Such data are not readily available for Chester. But Ewall said he has spoken with many residents who struggle with asthma, and Strand agrees that health is a concern for residents near waste facilities.

Waffenschmidt, however, points to Covanta's compliance with state regulations, and cited other studies suggesting that well-regulated facilities do not cause public health problems.

Studies "talk past each other because they're trying to prove different matters," said Michael Churchill, a lawyer with the Public Interest Law Center of Philadelphia, which helped Chester activists take an environmental justice case to the U.S. Supreme Court in the 1990s. That case was dismissed by the Supreme Court after the solid waste company they had sued withdrew its application for a permit.

Still, cities such as Chester that already have air quality issues should beware of small changes, Churchill said.

Those closest to the facilities - neighborhood residents - have been largely on the sidelines of the debate. When Rasheeda Jones moved her family to Thurlow Street last year, she did not even notice the incinerator complex beyond the fences and trees at the end of her street.

"I didn't even look over there," Jones said.

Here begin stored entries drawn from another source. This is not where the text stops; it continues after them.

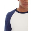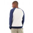 • Cream crewneck sweatshirt with navy sleeves/trim.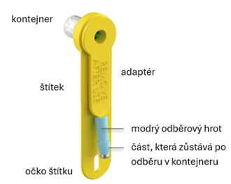 - 7. Adaptér v tuto chvíli obsahuje již nepotřebnou část modrého odběrového hrotu. Tahem za adaptér tuto část sejmete ze štítku s kontejnerem (obr. 3 – krok 2). Pro ověření úspěšného odběru si můžete zkontrolovat přítomnost modré membrány uvnitř kontejneru.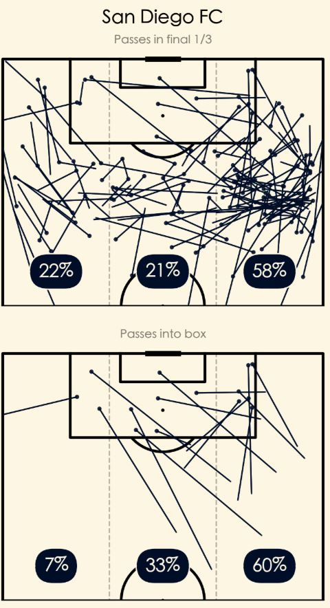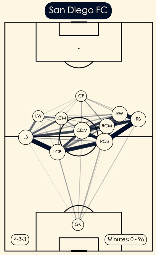San Diego FC played wider and higher than usual in the game against Minnesota, stretching the defense and attacking the flanks. They utilized the right side of the attack close to 60% of time, playing through Dreyer and Verhoeven. This proved costly as Minnesota were forced to play wide and gave up space in their defensive end for the SDFC attackers to run into.

She also did not know the history of her street, which years ago was part of the trucks' route to nearby facilities until Strand's group pushed them to find another route.

Jones does notice smells and noise, but she was not aware of health risks until environmental activists came knocking on her door this summer.

A few doors down, Carlotta Goldsmith said Thurlow Street may be near an incinerator, but it feels safer than other parts of Chester. She has lived on the same block for 13 years, and plans to stay.

"You deal with what you got to deal with," she said, "unless you can afford to move into a neighborhood where you don't have to deal with it."